- Action item -
Return the listing below unchanged, except that the pictures are dropped.
===== Collected data
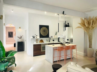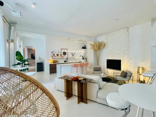 - Großer Raum mit offener Küche und Theke
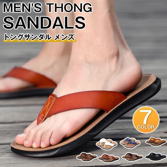 トングサンダル メンズ サンダル レザー コンフォートサンダル PU 大人 紳士 ビーチサンダル ビーサン スリッパ 靴 シューズ 歩きやすい お出掛け おしゃれ
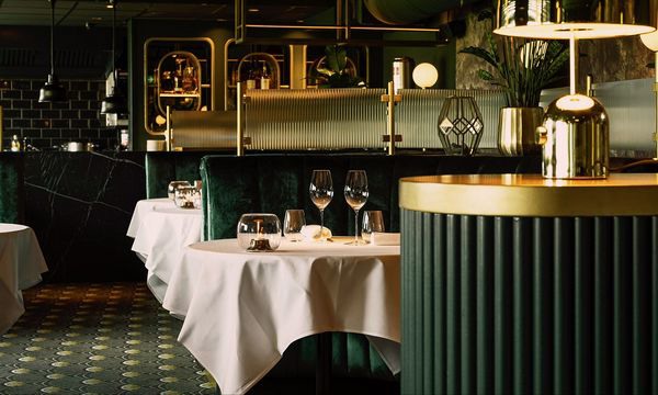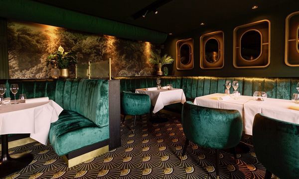 Het meubilair van Satelliet Meubelen en het design van Horeca Sfeermakers heeft een 'nieuwe wereld' gecreëerd door middel van diep donkergroen velvet in combinatie met messing elementen en een grafische art deco print op de vloerbedekking.
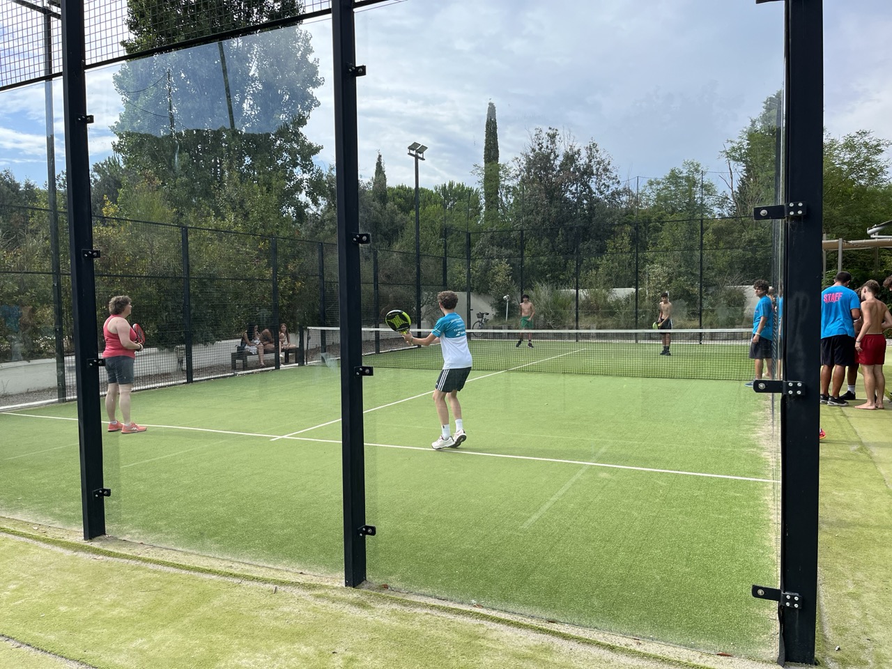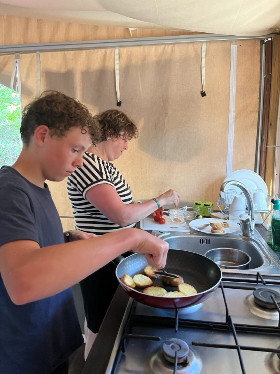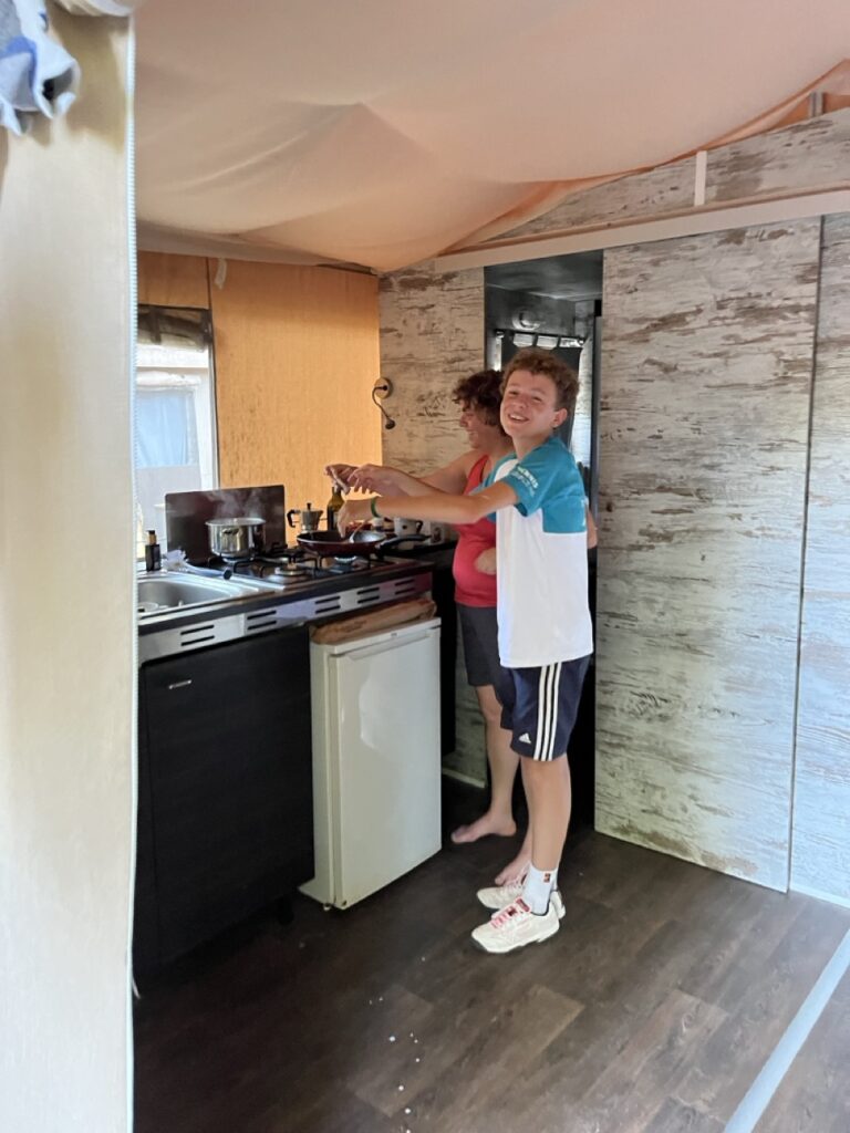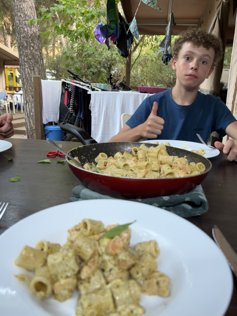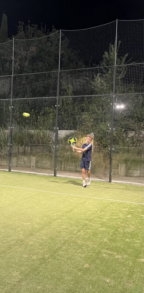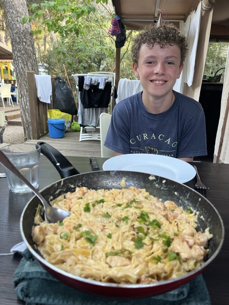 Vandaag hebben we er een rustige relaxdag van gemaakt op de camping. Vandaag maar eens even geen toernooitje en geen ‘verplichtingen’. Na het ontbijt zijn we naar de fietsverhuur op de camping geweest om te kijken of we zondag eventueel kunnen gaan fietsen in de omgeving. We hebben uiteindelijk 3 elektrische mountainbikes gekozen want die bleken veel goedkoper te zijn dan in onze folder stond en er was duidelijk aangegeven dat die fiets de voorkeur had. Vanmiddag zijn we maat S van de fiets nog even gaan testen, gaat net dus zondag gaan we fietsen. Daarna zijn we naar het zwembad gegaan. Anita lekker lezen en Stan en ik met (beach) bal aan de slag en rotzooien in het zwembad. Vanmiddag heeft ieder voor zichzelf relaxtijd. Aan het einde van de middag doen we nog en spelletje Quicks. Koken doen we vandaag niet. Stan heeft van oma Anja 50 euro gekregen om een keer uit eten te gaan en Stan z’n idee is om dat vandaag in het restaurant van de camping te doen. We hebben niet gereserveerd maar er is gelukkig nog 1 tafeltje vrij. Mooi restaurant met mooi uitzicht en lekker eten. Stan maakte zich zorgen of hij wil binnen budget bleef omdat papa weer zonodig iets anders dan een pizza moest nemen. Stan vroeg zelf om de rekening en bij het afrekenen bleek de rekening 49 euro, netjes (1 euro winst was de eerste reactie van Stan 😀). Daarna gaan we naar de sportvelden want Stan heeft afgesproken met het Italiaanse meisje Malena om anderhalf uur te gaan tennissen. Anita en ik gaan zelf even padellen, kijken daarna naar Stan en Malena (staan echt leuk te tennissen) en als de ouders van Malena vragen om een potje padel met ons te spelen doen we dat uiteraard meteen. Stan en Malena houden het ruim anderhalf uur vol. Moe en bezweet stappen ze van de baan af maar dan vraagt de Hannibal (vader van Malena) of we zin hebben om nog even te padellen. Tuurlijk dus zo staan Stan en ik weer tegenover Malena en Hannibal op de padelbaan en zitten Anita en de moeder van Malena langs de kant om ons toe te supporten. Na een lange eerste set die Stan en ik net verliezen in de tie-break wordt de vraag gesteld of we nog een 2e set willen doen. Malena zegt ja en Stan zegt ook ja als ik vraag of hij 14 jaar wil worden op de padelbaan of in bed 😀 Uiteindelijk lopen we rond half 1 de baan af. Stan wordt door iedereen gefeliciteerd en zo hebben we een leuke en gezellige afsluiter (of begin) van de dag.
==========
- Task output -
 - Großer Raum mit offener Küche und Theke
 トングサンダル メンズ サンダル レザー コンフォートサンダル PU 大人 紳士 ビーチサンダル ビーサン スリッパ 靴 シューズ 歩きやすい お出掛け おしゃれ
 Het meubilair van Satelliet Meubelen en het design van Horeca Sfeermakers heeft een 'nieuwe wereld' gecreëerd door middel van diep donkergroen velvet in combinatie met messing elementen en een grafische art deco print op de vloerbedekking.
 Vandaag hebben we er een rustige relaxdag van gemaakt op de camping. Vandaag maar eens even geen toernooitje en geen ‘verplichtingen’. Na het ontbijt zijn we naar de fietsverhuur op de camping geweest om te kijken of we zondag eventueel kunnen gaan fietsen in de omgeving. We hebben uiteindelijk 3 elektrische mountainbikes gekozen want die bleken veel goedkoper te zijn dan in onze folder stond en er was duidelijk aangegeven dat die fiets de voorkeur had. Vanmiddag zijn we maat S van de fiets nog even gaan testen, gaat net dus zondag gaan we fietsen. Daarna zijn we naar het zwembad gegaan. Anita lekker lezen en Stan en ik met (beach) bal aan de slag en rotzooien in het zwembad. Vanmiddag heeft ieder voor zichzelf relaxtijd. Aan het einde van de middag doen we nog en spelletje Quicks. Koken doen we vandaag niet. Stan heeft van oma Anja 50 euro gekregen om een keer uit eten te gaan en Stan z’n idee is om dat vandaag in het restaurant van de camping te doen. We hebben niet gereserveerd maar er is gelukkig nog 1 tafeltje vrij. Mooi restaurant met mooi uitzicht en lekker eten. Stan maakte zich zorgen of hij wil binnen budget bleef omdat papa weer zonodig iets anders dan een pizza moest nemen. Stan vroeg zelf om de rekening en bij het afrekenen bleek de rekening 49 euro, netjes (1 euro winst was de eerste reactie van Stan 😀). Daarna gaan we naar de sportvelden want Stan heeft afgesproken met het Italiaanse meisje Malena om anderhalf uur te gaan tennissen. Anita en ik gaan zelf even padellen, kijken daarna naar Stan en Malena (staan echt leuk te tennissen) en als de ouders van Malena vragen om een potje padel met ons te spelen doen we dat uiteraard meteen. Stan en Malena houden het ruim anderhalf uur vol. Moe en bezweet stappen ze van de baan af maar dan vraagt de Hannibal (vader van Malena) of we zin hebben om nog even te padellen. Tuurlijk dus zo staan Stan en ik weer tegenover Malena en Hannibal op de padelbaan en zitten Anita en de moeder van Malena langs de kant om ons toe te supporten. Na een lange eerste set die Stan en ik net verliezen in de tie-break wordt de vraag gesteld of we nog een 2e set willen doen. Malena zegt ja en Stan zegt ook ja als ik vraag of hij 14 jaar wil worden op de padelbaan of in bed 😀 Uiteindelijk lopen we rond half 1 de baan af. Stan wordt door iedereen gefeliciteerd en zo hebben we een leuke en gezellige afsluiter (of begin) van de dag.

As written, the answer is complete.